Launched on Oct. 15, 1997, the Cassini has given NASA an enormous collection of data on the planet, its rings, moons, and magnetosphere.

George Hospodarsky, a University of Iowa associate research scientist, has worked on the Cassini mission since receiving his Ph.D., and he was involved in building, testing, and calibrating Cassini before the launch.

He worked on the planning and operating of the Radio and Plasma Wave Science Instrument, which was developed at the university, and he studied the scientific results.

RELATED: UI, NASA combine on Saturn project 

The best part of working on Cassini, Hospodarsky said, was the feeling of building a device that would go somewhere where nothing else had.

“It was just a great experience,” he said. “We were working really hard and long hours, but you were actually building something that was going to go into space.”

For Senior Engineering Associate Donald Kirchner, the best moment was doing instrument checks from the launch pad at Cape Canaveral.

“One of the most interesting things I got to do was stand on the top of the gantry and look up and down the beach at Cape Canaveral — it’s a great view,“ Kirchner said.

Despite the incredible length of the mission, Cassini was never in danger of being lost. 

“The only two times I was ever really worried was the launch and orbit insertion in 2004, but both times, everything worked perfectly,” Hospodarsky said. “The spacecraft worked wonderfully the whole 20 years; there were very few problems, I was never concerned about it failing or our instrument failing,“

The instruments on Cassini were turned on within a day of the launch and remained on for most of the mission. 

One of the major findings was the discovery of ice geysers on the moon Enceladus. For these geysers to exist, there must be liquid water, which opens up the possibility of life on Enceladus, Hospodarsky said.
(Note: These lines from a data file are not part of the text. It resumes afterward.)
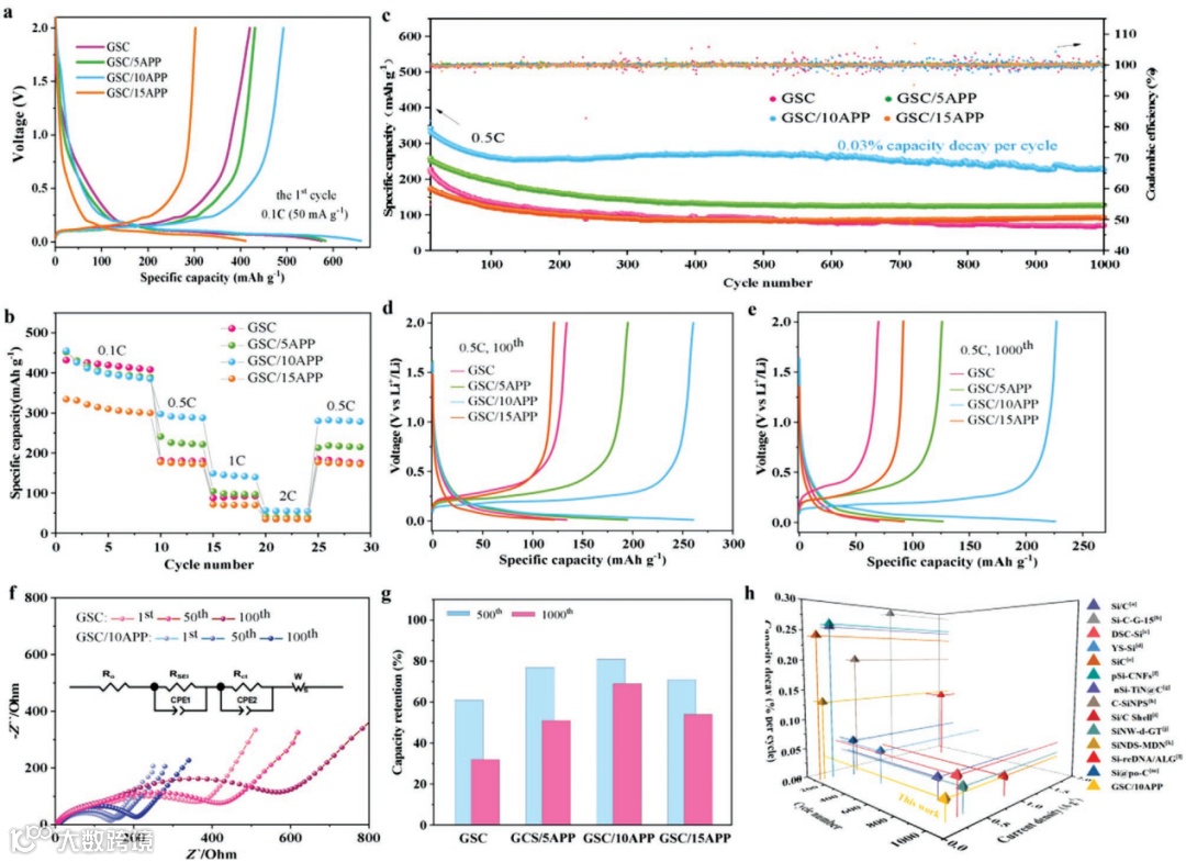 图3 GSC负极电化学性能表征。(a)不同聚磷酸铵添加比例GSC负极0.1C首圈充电曲线;(b)GSC负极倍率性能对比;(c)GSC负极长循环对比;(d)GSC负极0.5C第100圈充放电曲线;(e)GSC负极0.5C第1000圈充放电曲线;(f)GSC与GSC/10APP不同循环圈数能奎斯特图的阻抗对比;(g)GSC负极的第500圈和1000圈容量保持率对比;(h)本工作与其他工作容量衰减率对比。
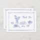 Det här blåvita och vita möhippan-tacket-kortet bygger på den populära, handdragna trenden som präglar Fransk eller italienska stil-livsmedel och -drycker i ett vismiskt, doodlat och klokt stil. Den här designen är perfekt för en möhippa brunch. Det visar hand plockade på ett vas av blommor, champagne, kopp och såser, pannkakor och muffinsar.
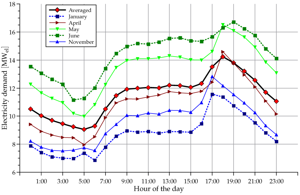 Figure 1 visualizes the electricity demand for each month during the year 2013 (for data completeness reasons, the data include March to December 2013 and January to February 2014. In the following analysis, the data is treated as from 2013). The total power consumption sums up to 100.7 with the lowest power demand of about 6.5 in the winter season (November to March) and the highest power demand of 10.5 during the summer season (May to August). The reason for these deviations can be mainly seen in the power demand of the air-conditioning systems of the hotels and private apartments. The assumption is proven by the strong correlation between the ambient temperature for the time period which is also visualized in Figure 1.
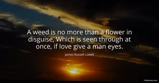 Lowell, James Russell. "A weed is no more than a flower in disguise, Which is seen through at once, if love give a man eyes." FixQuotes. February 9, 2026. https://fixquotes.com/quotes/a-weed-is-no-more-than-a-flower-in-disguise-which-13925/.

There may be missions in the near future that investigate the moon further, to try to answer the age-old question of whether life exists outside of Earth. 

Another major finding, or verification, that Cassini possibly made is the mysterious rotation period of Saturn.

“With these really close orbits … we’re hoping, especially with the magnetometer measurements, that we would be able to see enough of an offset because we’re so close that they’ll be able to determine actually the period of Saturn,” Hospodarsky said. “That’s one of the big things that our instrument discovered.”  

Undergraduate student Christopher Michael cited the Cassini mission as one of his reasons for becoming interested in, and eventually majoring in, astronomy.

“With Cassini and the other missions, you can look through a telescope and see these things, they give you up close views of worlds that you could never even imagine, and it’s better than any sci-fi book you can even think of, and we can actually learn about these types of things; it’s amazing,” Michael said.